Lost souls are the order of the day for Landis Markham. He's back in Seattle, and the local cop, Lieutenant Pender, thinks he's a venificus — a poisonous sorcerer. When he sees the deer, he knows it's something more than a lost mammal. What it proves to be is a portent of something really, really bad, something that will challenge Markham's talents, which are considerable. After all, he bears the Chorus and the human souls therein. Markham is not someone to mess around with.
'Lightbreaker' (Night Shade Books ; May 2009 ; $7.99) is not a book to mess around with either. In case you haven’t noticed, the world is awash in urban fantasy. But Teppo's Markham is no average supernatural crime-solver, and 'Lightbreaker' is a book awash not just in the surreal, but also in the deeply researched field of magick. Yes, that's right, magick with a "k." Aleister Crowley, Iron Maidens and the stolen souls of lots of people, and I mean lots of people. Think of all that energy, all the power there. You could pull off something really nasty.

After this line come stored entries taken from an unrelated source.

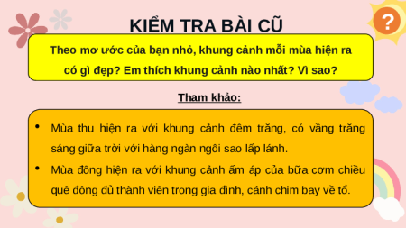 Đọc nối tiếp bài Bốn mùa mơ ước. KIỂM TRA BÀI CŨ Tham khảo:
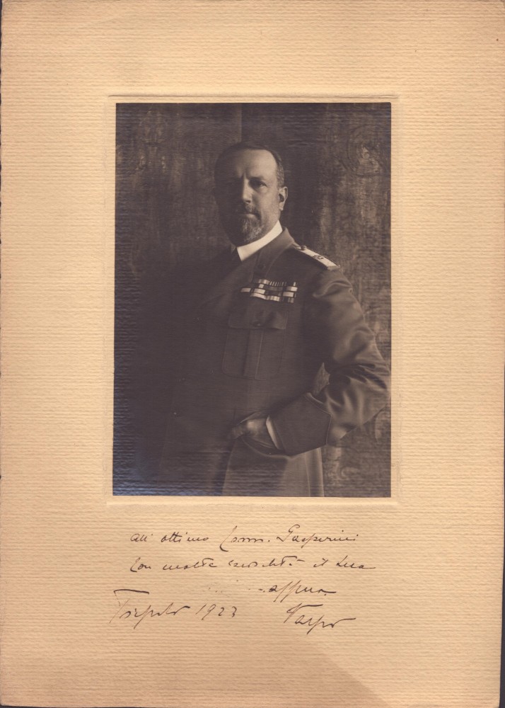 Fotografia autografata in Passepartout. La dedica riporta: "All'ottimo Com. Gasperini. Con molta cordialità il tuo. Tripoli 1923".
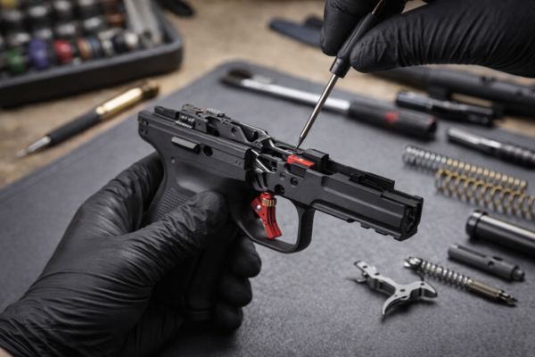Vi monterer blandt andet opgraderede aftræk, fjedre, interne dele og andre tunings- eller fjeder komponenter, der kan optimere våbnets funktion, aftrækskarakteristik og brugeroplevelse.
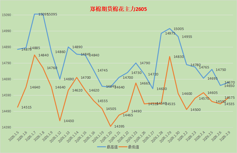 9、棉花:郑棉CF2605主力合约在14500~14695之间震荡,预计短期内仍以区间震荡为主。新棉加工基本完成,市场供应充足,棉花加工企业陆续顺价销售,经营整体处于盈利状态。
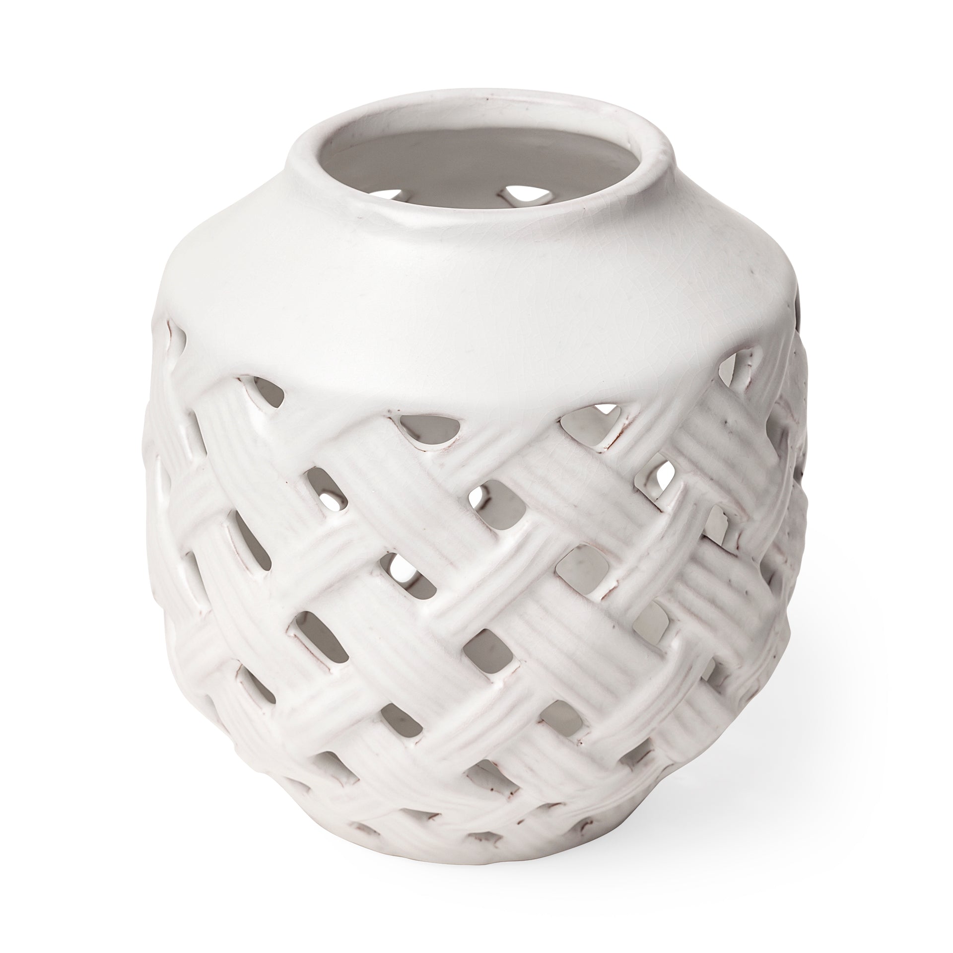 This decorative white ceramic vase showcases a delicate lattice texture and glossy glaze, giving it a refined, elegant appeal. Its short stature makes it ideal for small spaces or as part of a layered decor arrangement.

Teppo's Night Shade debut ups the ante for urban fantasy. I have to admit that Night Shade had me fooled so far as appearances go. 'Lightbreaker' (Oh Lucifer, you silly fool!) looked exactly like a Random House book. But what you’re holding in your hands in nothing less than an eight-buck first edition from an independent press, which is really quite cool.
Beyond the slick packaging however, 'Lightbreaker' delivers on great reading. It's steeped in a dense mythology the author uses to transform and subvert the mystery genre into something both tougher and more fun. Markham's a great guide to Teppo's universe, which feels appropriately Hermetic, self-sealed and internally consistent. Teppo has clearly done his research, but more importantly, he enjoyed it, and readers will get that sense of joy and exploration. And dread and terror, and tension ... with some release, though what happens when you release the soul from the body is perhaps less beneficent for both than you might imagine. And like any good book it just might change your perceptions forever, every time you hear the phrase "free soul." Freedom cuts two ways. It’s a sharp knife.